Dataset excerpts:
╔══

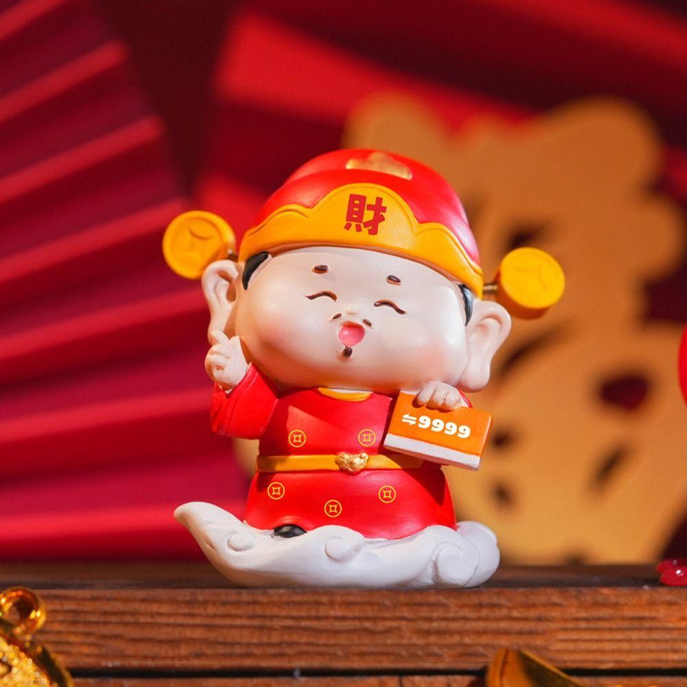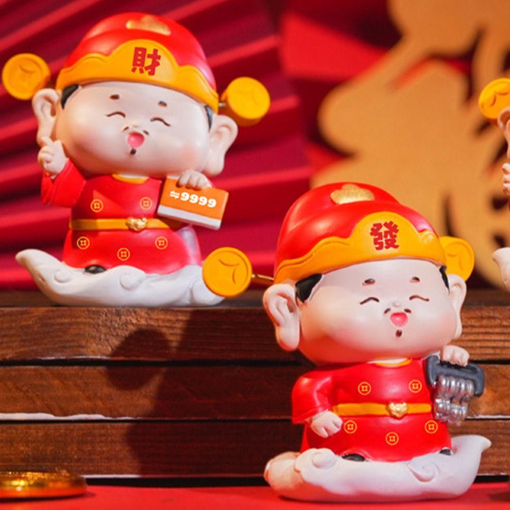 Cartoon Mini God of Wealth Figurine Resin Lucky New Year Statue Home Office Accessories
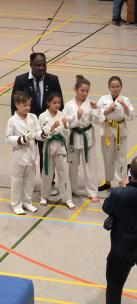 Nach monatelanger intensiver Vorbereitung und Trainings durften 11 junge Prüflinge ihre erlernten Techniken und traditionellen Formen vorführen und wurden von Trainer und DTU-Prüfer Komi Agpobletou bewertet.
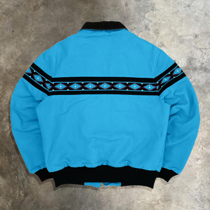 Aztec Pattern Ribbon Splicing Long Sleeve Zipper Design Jacket
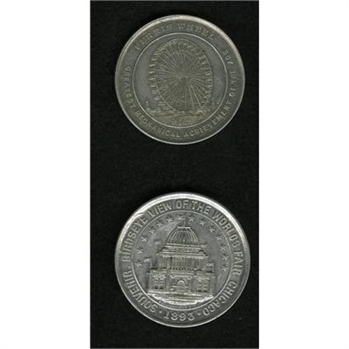 <B>Columbian World's Fair So-Called Dollar Duo.</B></I> Aluminum. Pair of Columbian World's Fair pieces, <B>HK-166</B></I> and <B>Eglit-20</B></I> (Ferris wheel).<BR><BR><b>Shipping:</b> Coins & Currency (<a target="_blank" href="http://www.heritageauctions.com/common/shipping.php">view shipping information</a>)
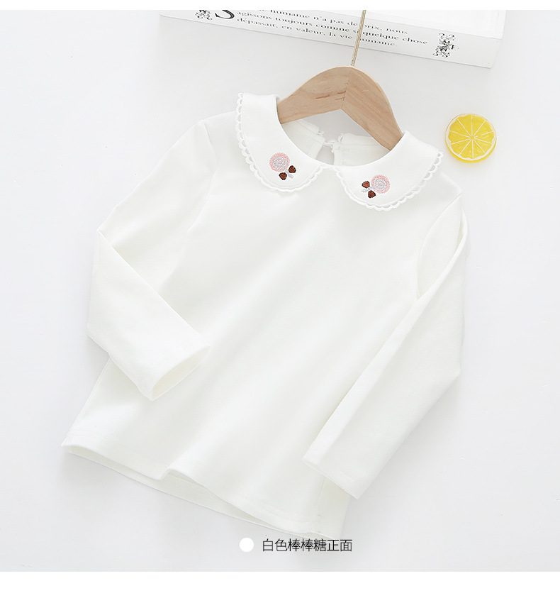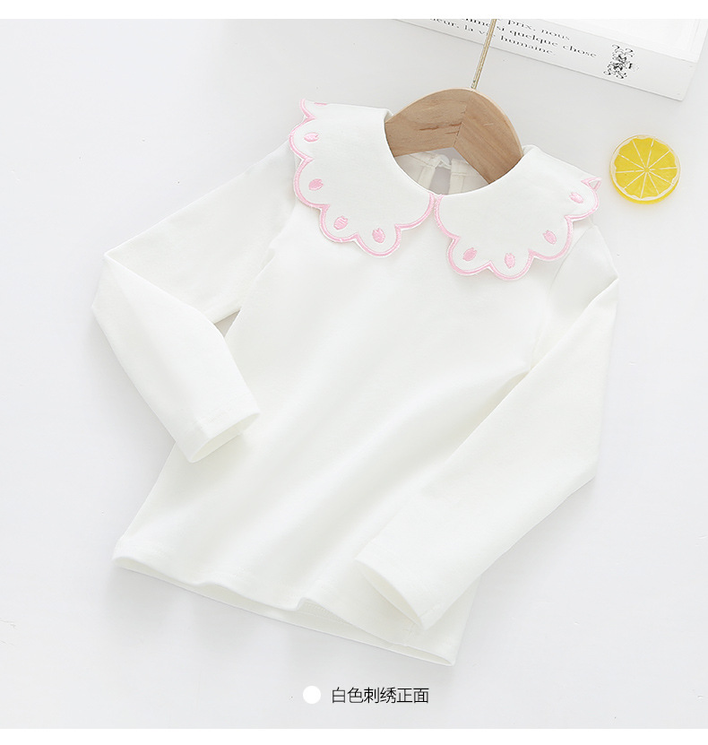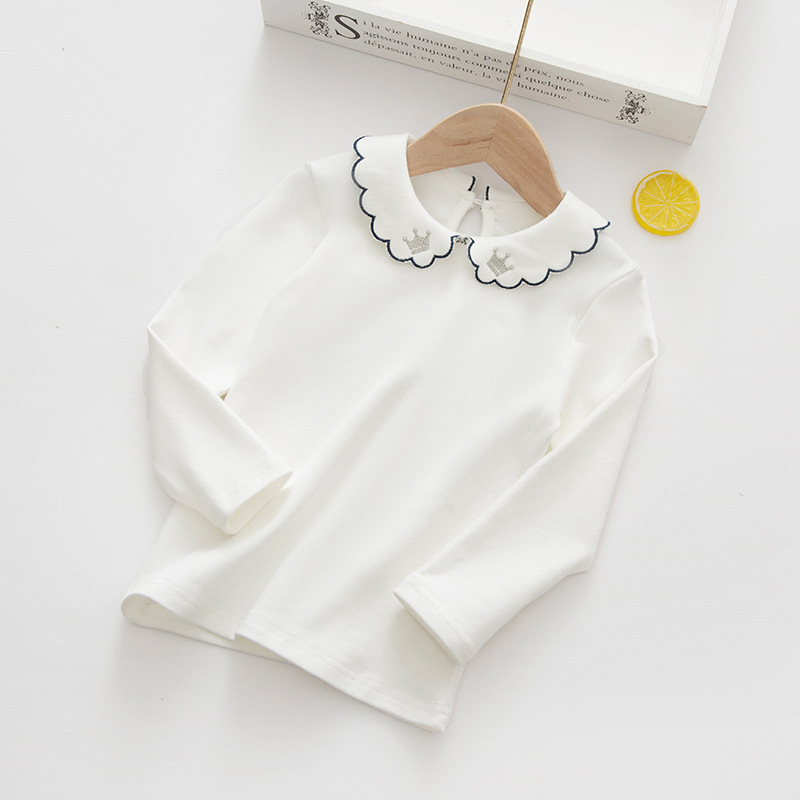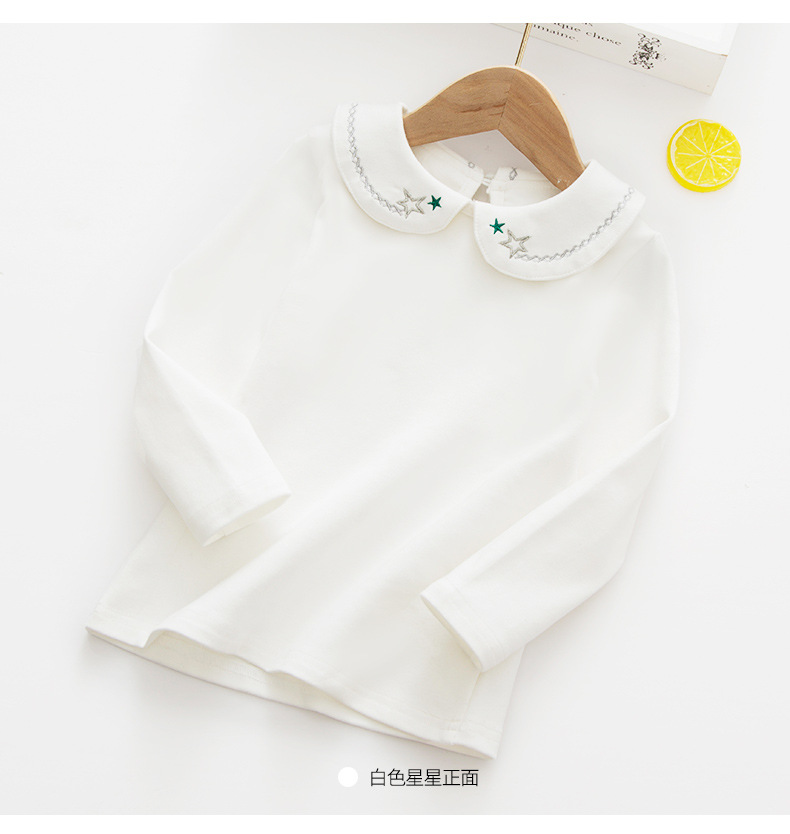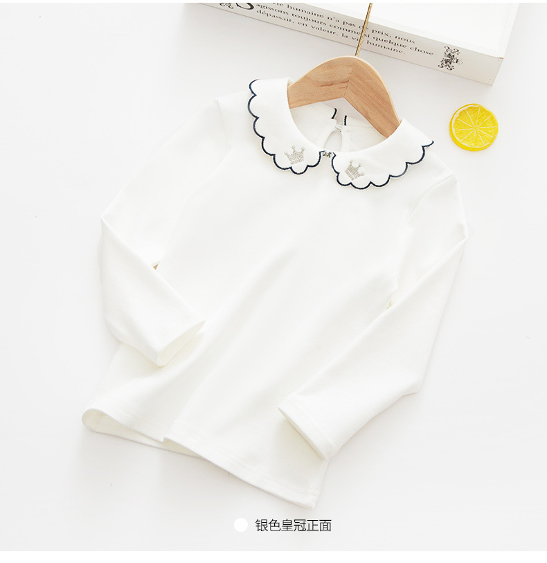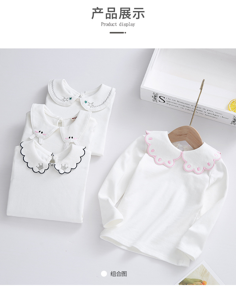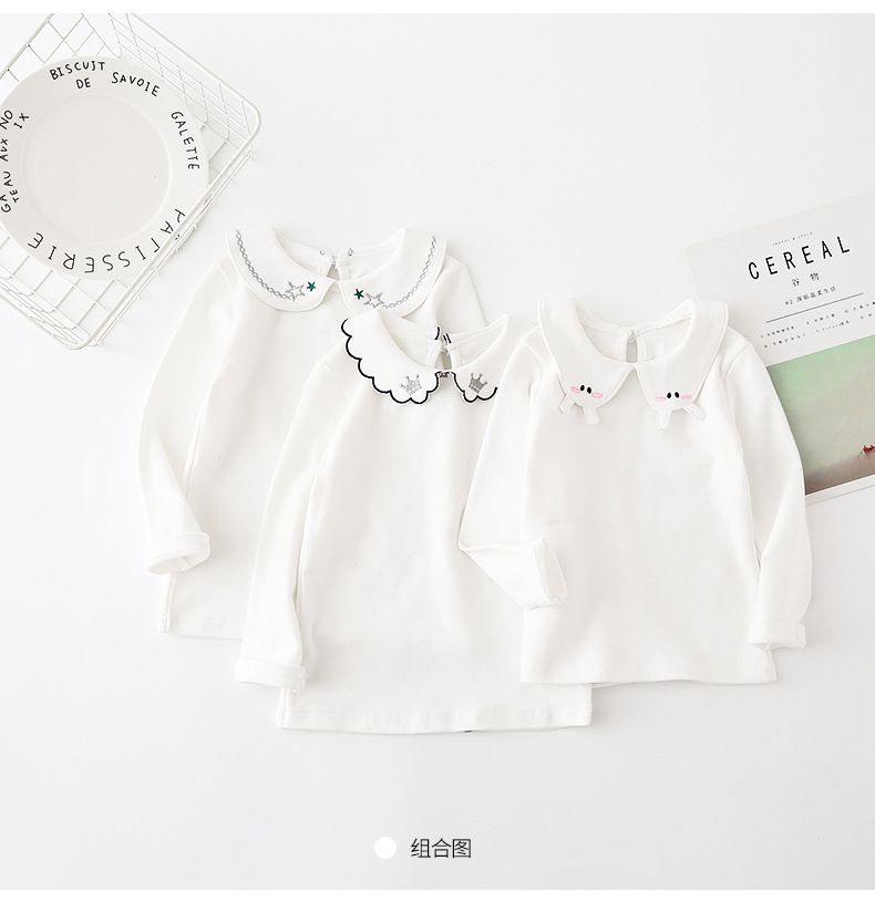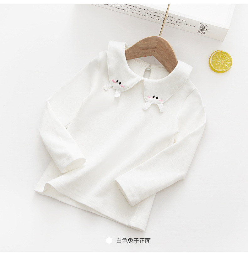 걸스 베이스 셔츠 면 가을과 겨울 흰색 옷깃 기모 두꺼운 아기 인형 셔츠 어린이 베이스 티셔츠 가을스토어 가기
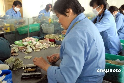 昆明公交公司共有196條無人售票公交線路,3200臺公交車,今年以來,平均每月都會收到近10萬元的假硬幣,僅此一項公交公司每年就要虧100多萬。圖為昆明公交公司收銀中心點鈔員正在點鈔。中新社發(fā) 蔣晨 攝
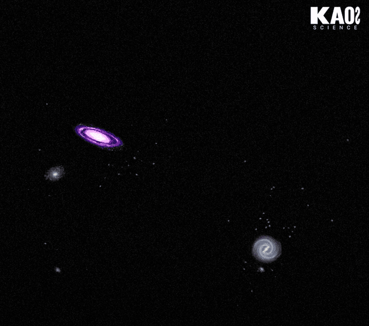 우리 은하와 안드로메다 은하는 중력으로 서로 잡아당기고 있으며 초속 110킬로미터의 속도로 가까워지고 있습니다. 약 40억 년 뒤에 두 은하는 충돌해 하나의 은하가 될 운명입니다. 우리 은하와 안드로메다 은하를 포함해 그 주변에 있는 수십여 개의 작은 은하 무리를 국부 은하군이라고 합니다. 국부 은하군의 지름은 약 천만 광년입니다.
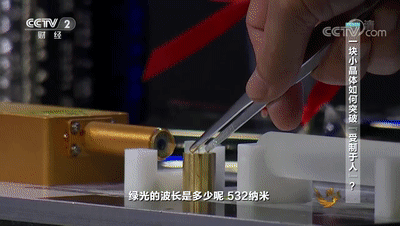 我这里有一小块晶体,比米粒大一点,看上去并不稀奇,它要解决什么问题呢?实际上主要解决当时我们国家光刻用的光源问题。当时我们国家还在用(近)红外激光,当时想如果这个光刻的线路要变窄的话,有没有绿光、蓝光、紫光?而这一块晶体就解决了这一问题,能够使我们眼睛看不见的(近)红外激光,通过这一块晶体后,自动转化成绿色激光。
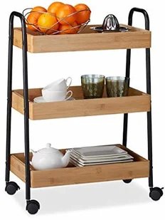 x szer. x gł. : ok. 70 x 49,5 x 28 cm - Wymiary wewnętrzne półek wys. x szer. x gł. : ok. 5 x 43,5 x 26 cm - Maksymalne obciążenie: 5 kg - Materiały: bambus, MDF, stal - Waga: ok. 4 kg Wózek do domu - 3 półki z podniesionymi krawędziami - Uchwyty ułatwiające pchanie - Kółka obracające się o 360 - Naturalnie piękny bambus - Z narzędziami do szybkiego montażu Zakres dostawy - 1x wózek do serwowania w pojedynczych częściach - Z materiałem montażowym - Z instrukcją - Elementy dekoracyjne nie wchodzą w zakres dostawy

╚══

[TASK TO CARRY OUT]: Hand back the data above exactly, with no images.

[RESULT OF THE TASK]:
 Cartoon Mini God of Wealth Figurine Resin Lucky New Year Statue Home Office Accessories
 Nach monatelanger intensiver Vorbereitung und Trainings durften 11 junge Prüflinge ihre erlernten Techniken und traditionellen Formen vorführen und wurden von Trainer und DTU-Prüfer Komi Agpobletou bewertet.
 Aztec Pattern Ribbon Splicing Long Sleeve Zipper Design Jacket
 <B>Columbian World's Fair So-Called Dollar Duo.</B></I> Aluminum. Pair of Columbian World's Fair pieces, <B>HK-166</B></I> and <B>Eglit-20</B></I> (Ferris wheel).<BR><BR><b>Shipping:</b> Coins & Currency (<a target="_blank" href="http://www.heritageauctions.com/common/shipping.php">view shipping information</a>)
 걸스 베이스 셔츠 면 가을과 겨울 흰색 옷깃 기모 두꺼운 아기 인형 셔츠 어린이 베이스 티셔츠 가을스토어 가기
 昆明公交公司共有196條無人售票公交線路,3200臺公交車,今年以來,平均每月都會收到近10萬元的假硬幣,僅此一項公交公司每年就要虧100多萬。圖為昆明公交公司收銀中心點鈔員正在點鈔。中新社發(fā) 蔣晨 攝
 우리 은하와 안드로메다 은하는 중력으로 서로 잡아당기고 있으며 초속 110킬로미터의 속도로 가까워지고 있습니다. 약 40억 년 뒤에 두 은하는 충돌해 하나의 은하가 될 운명입니다. 우리 은하와 안드로메다 은하를 포함해 그 주변에 있는 수십여 개의 작은 은하 무리를 국부 은하군이라고 합니다. 국부 은하군의 지름은 약 천만 광년입니다.
 我这里有一小块晶体,比米粒大一点,看上去并不稀奇,它要解决什么问题呢?实际上主要解决当时我们国家光刻用的光源问题。当时我们国家还在用(近)红外激光,当时想如果这个光刻的线路要变窄的话,有没有绿光、蓝光、紫光?而这一块晶体就解决了这一问题,能够使我们眼睛看不见的(近)红外激光,通过这一块晶体后,自动转化成绿色激光。
 x szer. x gł. : ok. 70 x 49,5 x 28 cm - Wymiary wewnętrzne półek wys. x szer. x gł. : ok. 5 x 43,5 x 26 cm - Maksymalne obciążenie: 5 kg - Materiały: bambus, MDF, stal - Waga: ok. 4 kg Wózek do domu - 3 półki z podniesionymi krawędziami - Uchwyty ułatwiające pchanie - Kółka obracające się o 360 - Naturalnie piękny bambus - Z narzędziami do szybkiego montażu Zakres dostawy - 1x wózek do serwowania w pojedynczych częściach - Z materiałem montażowym - Z instrukcją - Elementy dekoracyjne nie wchodzą w zakres dostawy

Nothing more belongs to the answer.